● Activity:
Starting with the first line below, extract each line through the one that contains "Σύμφωνα με το", inclusive, excluding pictures.

(Items from a data source)
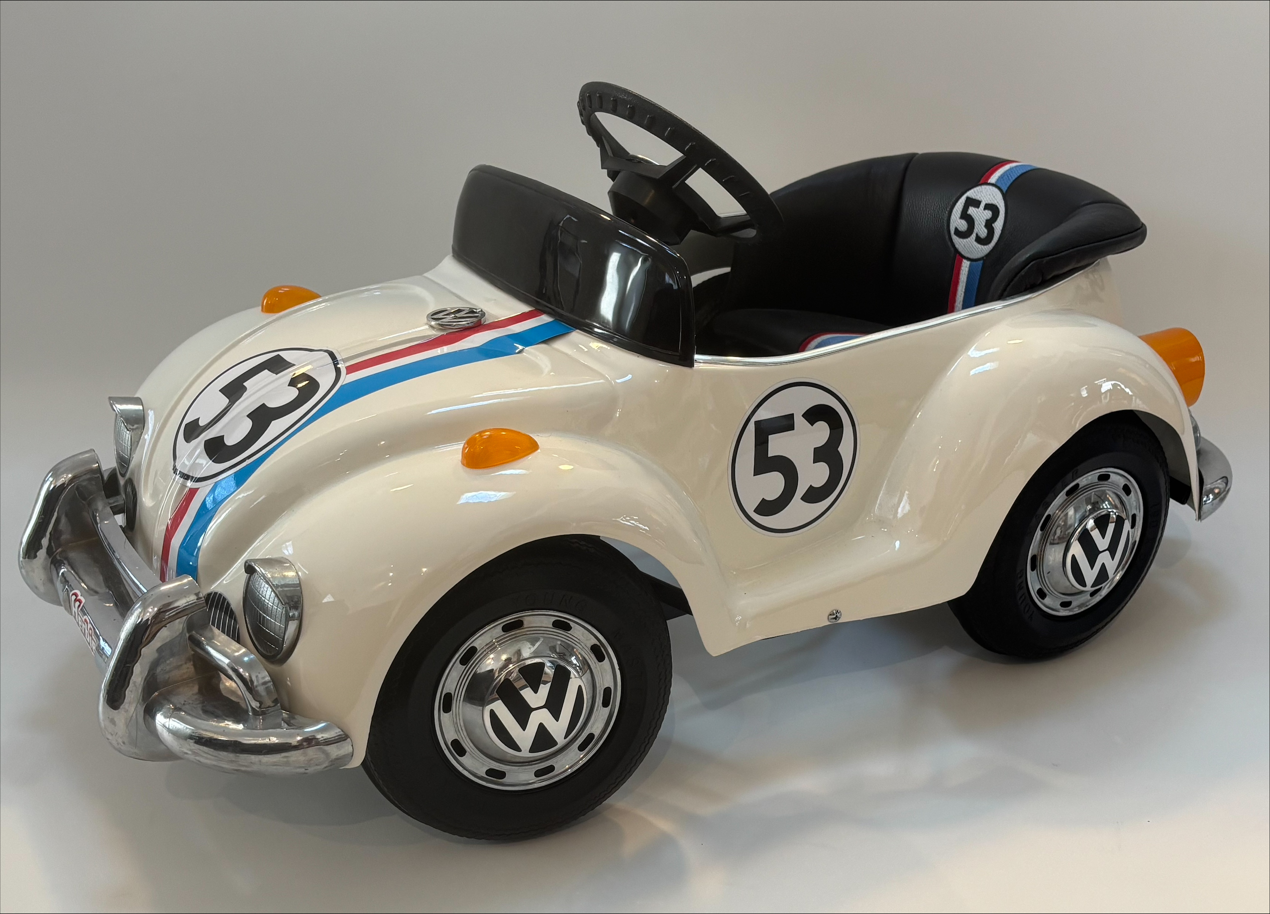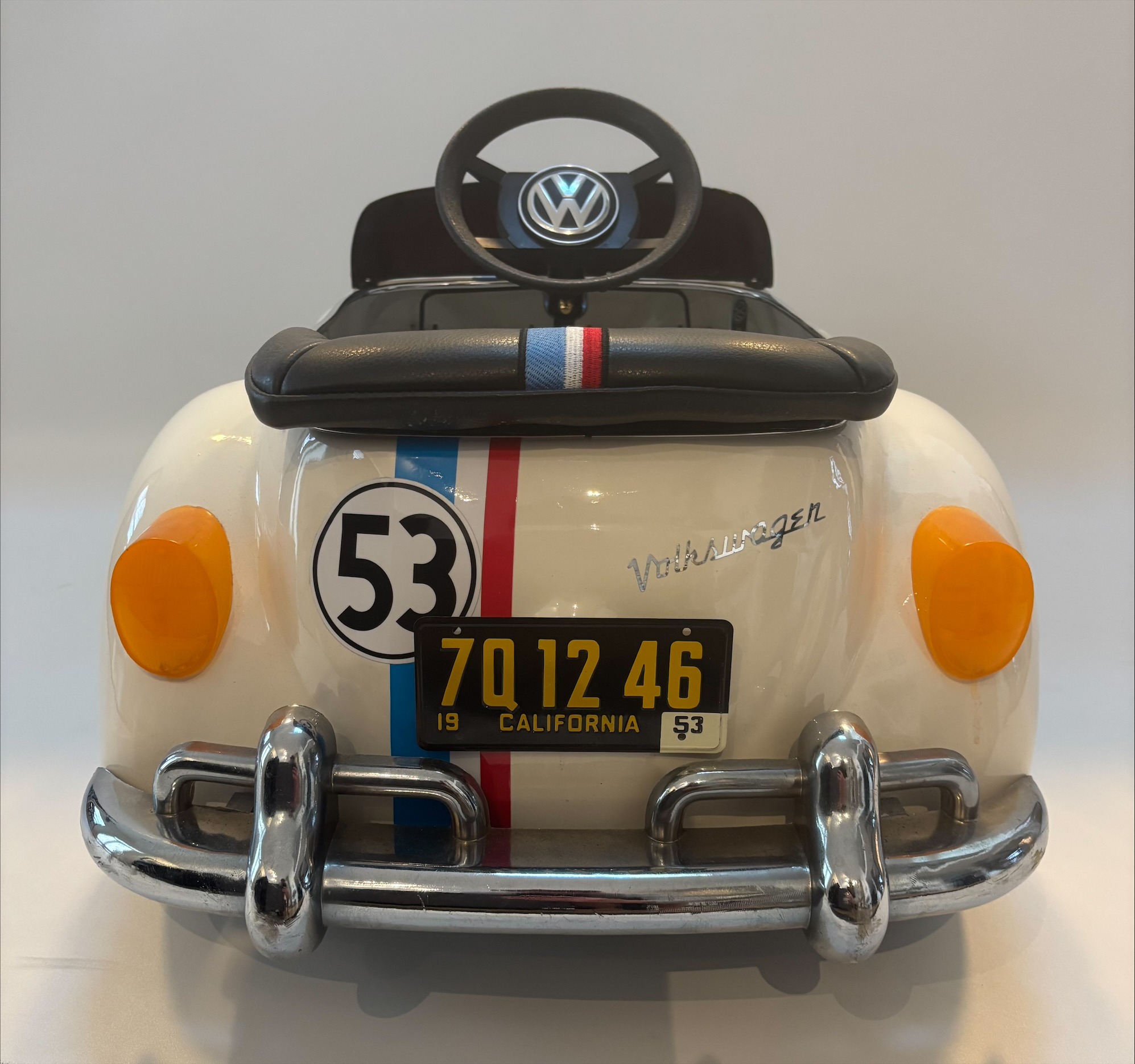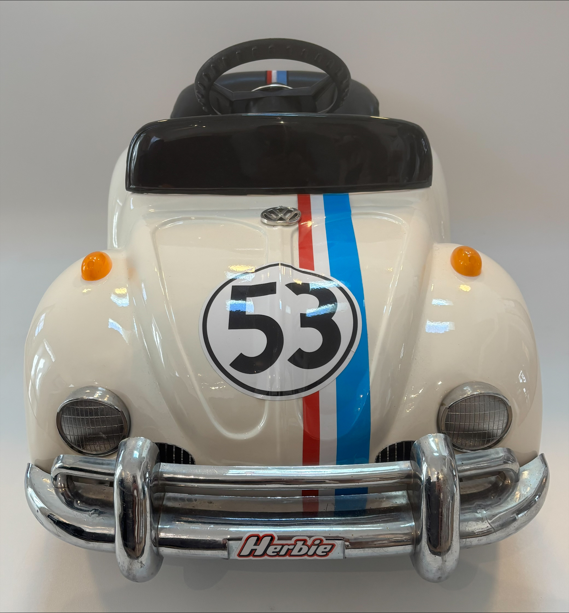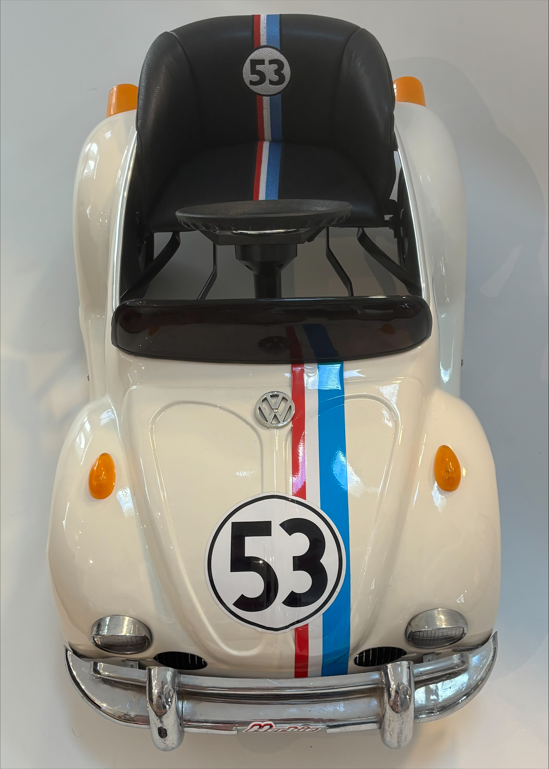 The pedal car captures the unmistakable shape of the original Beetle with rounded fenders, curved roofline, and compact proportions. In this restoration the vehicle has been finished in the classic white Herbie racing livery, complete with red, white, and blue racing stripes and the famous number 53, recreating the appearance of the movie car while preserving the charm of a vintage children’s pedal vehicle.
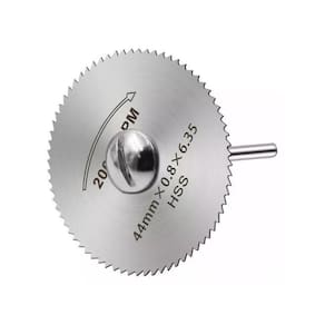 Haterial: HSS Rotação Máxima: 20.000 rpm nunca ultrapassar Para sua Segurança: Utilize sempre óculos e luvas de proteção Conteúdo da embalagem: 5 discos + 1 mandril
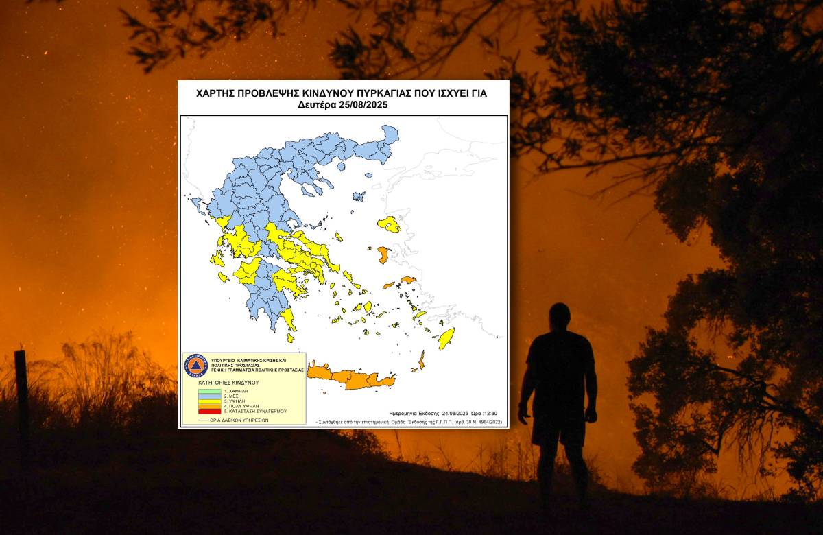 Σύμφωνα με το Χάρτη Πρόβλεψης Κινδύνου Πυρκαγιάς που εκδίδει η Γενική Γραμματεία Πολιτικής Προστασίας του Υπουργείου Κλιματικής Κρίσης & Πολιτικής Προστασίας (civilprotection.gov.gr), για τη Δευτέρα 25 Αυγούστου 2025, προβλέπεται πολύ υψηλός κίνδυνος πυρκαγιάς (κατηγορία κινδύνου 4) για τις εξής περιοχές:
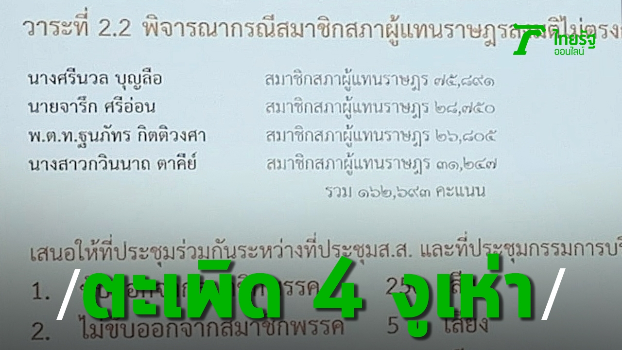 เมื่อวันที่ 16 ธ.ค.62 นายณัฐชา บุญไชยอินสวัสดิ์ รองโฆษกพรรคอนาคตใหม่ (อนค.) กล่าวว่า ที่ประชุมใหญ่วิสามัญสมาชิกพรรคอนาคตใหม่ วันนี้ มีวาระการพิจารณากรณี ส.ส.ลงมติไม่ตรงกับมติพรรค ซึ่งมี ส.ส.4 คน ได้แก่ นางศรีนวล บุญลือ ส.ส.เชียงใหม่ เขต 8, นายจารึก ศรีอ่อน ส.ส.จันทบุรี เขต 2, พ.ต.ท.ฐนภัทร กิตติวงศา ส.ส.จันทบุรี เขต 1 และ น.ส.กวินนาถ ตาคีย์ ส.ส.ชลบุรี เขต 7 โดยที่ประชุมฯ มีมติ 250 เสียงให้ขับออกจากการเป็นสมาชิกพรรคอนาคตใหม่ และมีมติ 5 เสียง ไม่ขับออกจากสมาชิกพรรค รวมถึงมีบัตรเสีย 6 ใบ โดยจะเสนอเข้าสู่ที่ประชุม ส.ส. และที่ประชุมกรรมการบริหารพรรคอนาคตใหม่ ในวันที่ 17 ธ.ค.62 โดยจะทราบผลทันทีหลังเสร็จสิ้นการประชุม
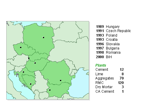 At present, Heidelberger Zement operates in Central Europe East 12 cement plants, 8 lime plants, more than 100 ready-mixed plants, 2 concrete products plants, 70 aggregates plants, 3 dry mortar plants and employs in this region about 12 000 employees.
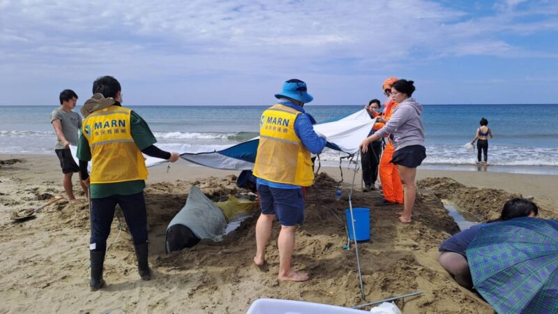 今(24)上午8時,海保救援網(MARN)接獲海巡署第六岸巡隊通報,民眾在屏東縣車城鄉海口沙灘發現11隻鯨豚擱淺,接獲通報後,本署即依救援機制啟動應變程序,迅速聯絡救援團隊前往現場處置。
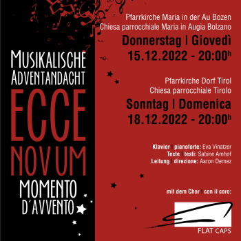 Magazine mensile gratuito di cultura, eventi e manifestazioni in Alto Adige-Südtirol, Trentino e Tirolo. Testata iscritta al registro stampe del Tribunale di Bolzano al n. 25/2002 del 09.12.2002 | Iscrizione al R.O.C. al n. 12.446. Editore: InSide Società Cooperativa Sociale ETS | Via Louis Braille, 4 | 39100 Bolzano | 0471 052121 | Questo indirizzo email è protetto dagli spambots. È necessario abilitare JavaScript per vederlo..
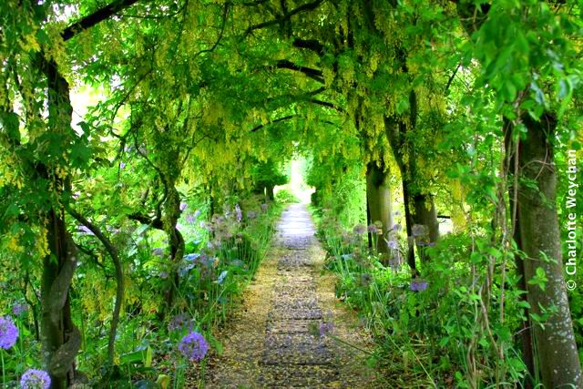 В аллее из ракитника, сплетенного ветвями (вероятно, этот пейзаж английского сада чаще всего фотографировали в конце XX в.), проходит дорожка, вымощенная флинтом и булыжником, а в конце ее роль фокусной точки выполняют каменный столб и скамейка. Весной, когда ракитник еще не полностью покрылся листвой, дорожку украшают полосы красных тюльпанов "Apeldoorn"; в июне под золотистыми ветвями ракитника появляются пурпурные стрелы лука голландского. Параллельно дорожке проходит длинный смешанный бордюр, где можно увидеть превосходные деревья и кустарники, в том числе вечнозеленые, а под ними пышные посадки травянистых однолетних растений. В другом конце осевой дорожки стоит храм XVIII в. с колоннами, придающий саду классической облик, контрастирующий с обильными посадками: кусты и деревья, под многими из которых высажены цикламены, подснежники и морозник восточный. Эти посадки сосредоточены вокруг пруда с лилиями, обрамленного каменным мощением.
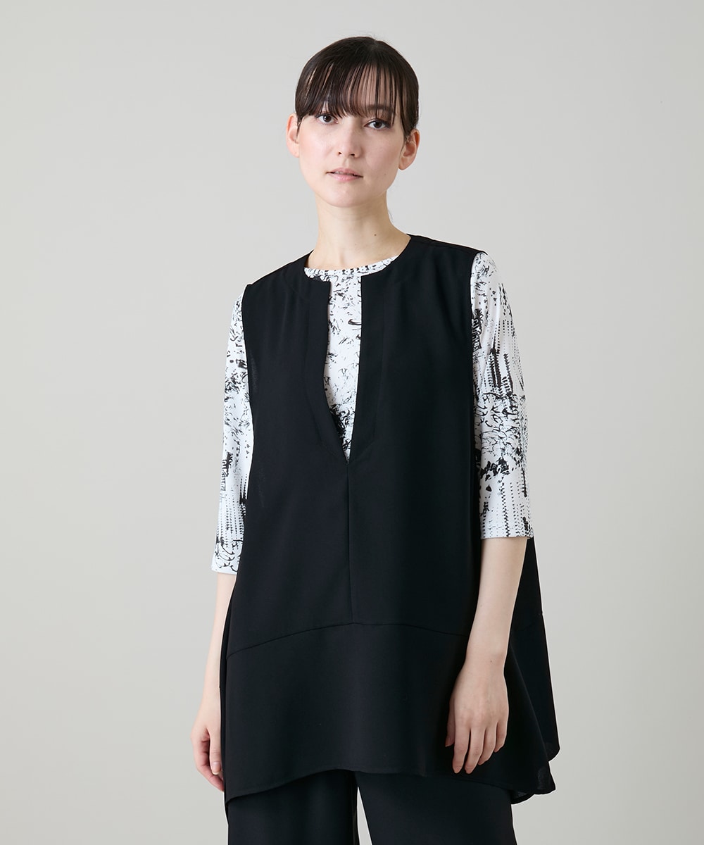 ジレは薄手ジョーゼット素材のVネックドレープジレ。ウエストから切り替えが入りサイドスリットと共に裾がゆったした綺麗なドレープが特徴です。これからの季節Tシャツやカットソー一枚の時に軽くて胸元綺麗なスッキリあきな首元からの縦強調とモード感あるスタイリッシュなジレは一枚重ね着するだけで完成度の高いコーディネートに。
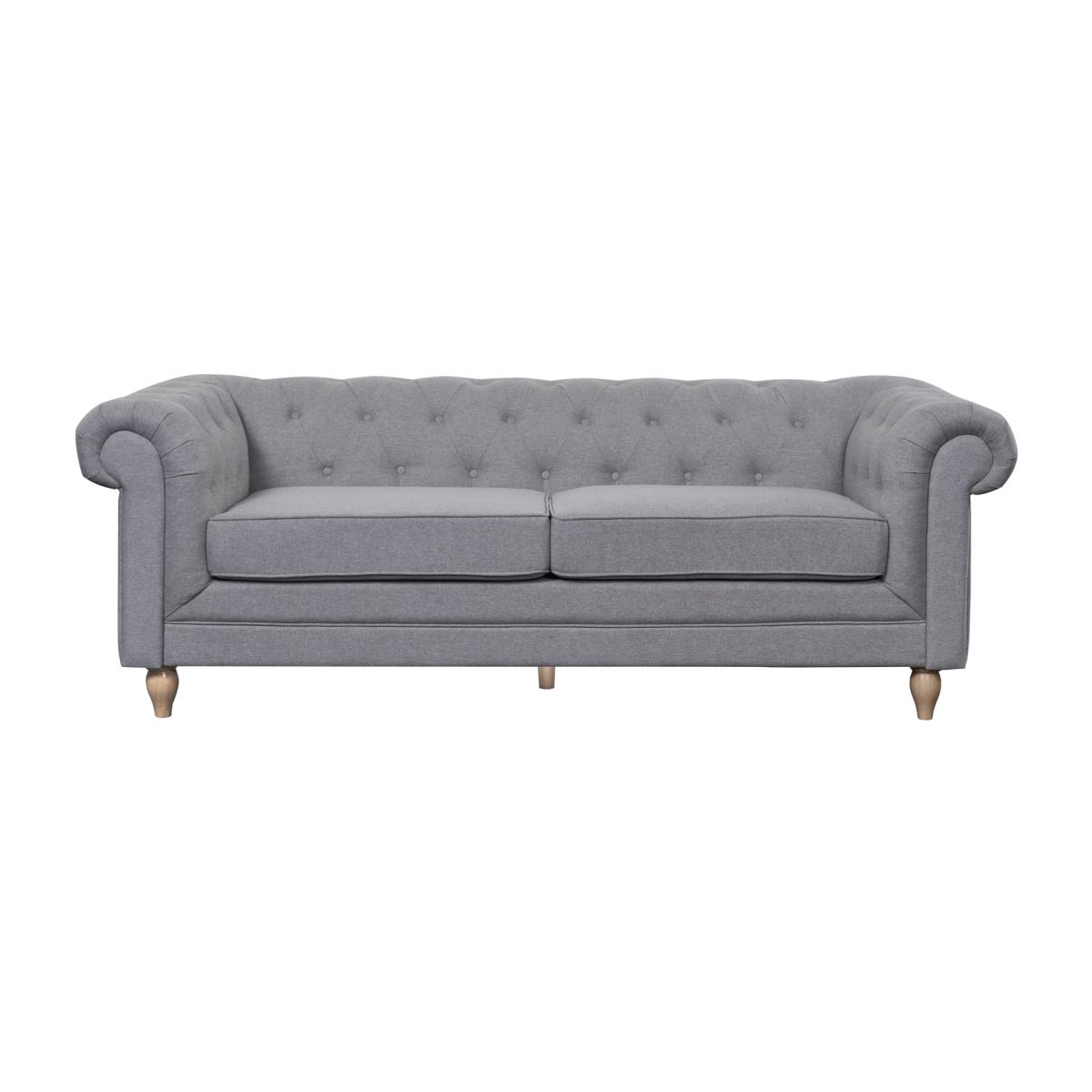 Searching for a classic statement sofa? You can't go wrong with our rich grey wool 3-seater Chesterfield. It has all the iconic features you'd expect with this traditional design. A low padded back with deep button tufting, elegant scroll arms and turned wooden legs. Plump pocket sprung cushions and piped detailing add to its upmarket credentials. This is one timeless, tasteful seat. Need we say more? Love the look and want to take it a step further? We've got a matching Chesterfield armchair and 2-seater sofa that'll round off the room nicely. Part of the Chesterfield collection. Material:Made from 100% polyester. Wooden feet. Removable seats with pocket sprung foam filling. Reversible cushion(s) with foam filling. Free fabric swatch available on this line. Dimensions:Size H78, W220, D91cm. Floor to seat height: 52cm. Depth of seat: 56cm. Height of seat back: 31cm. Width of seating area between arms: 155cm. Height of arm rest: 77cm. Weight 30kg. Dust or wipe with a damp cloth only. Minimal assembly - just add feet. Maximum individual user weight 200kg. Packaged dimensions:Package size H65, W222, D93cm. General information:We are excited to be welcoming some of our favourite HOME products into the Habitat range. Your product may arrive in Habitat or HOME packaging. Manufacturer's 1 year guarantee.

● Result of the exercise:
 The pedal car captures the unmistakable shape of the original Beetle with rounded fenders, curved roofline, and compact proportions. In this restoration the vehicle has been finished in the classic white Herbie racing livery, complete with red, white, and blue racing stripes and the famous number 53, recreating the appearance of the movie car while preserving the charm of a vintage children’s pedal vehicle.
 Haterial: HSS Rotação Máxima: 20.000 rpm nunca ultrapassar Para sua Segurança: Utilize sempre óculos e luvas de proteção Conteúdo da embalagem: 5 discos + 1 mandril
 Σύμφωνα με το Χάρτη Πρόβλεψης Κινδύνου Πυρκαγιάς που εκδίδει η Γενική Γραμματεία Πολιτικής Προστασίας του Υπουργείου Κλιματικής Κρίσης & Πολιτικής Προστασίας (civilprotection.gov.gr), για τη Δευτέρα 25 Αυγούστου 2025, προβλέπεται πολύ υψηλός κίνδυνος πυρκαγιάς (κατηγορία κινδύνου 4) για τις εξής περιοχές:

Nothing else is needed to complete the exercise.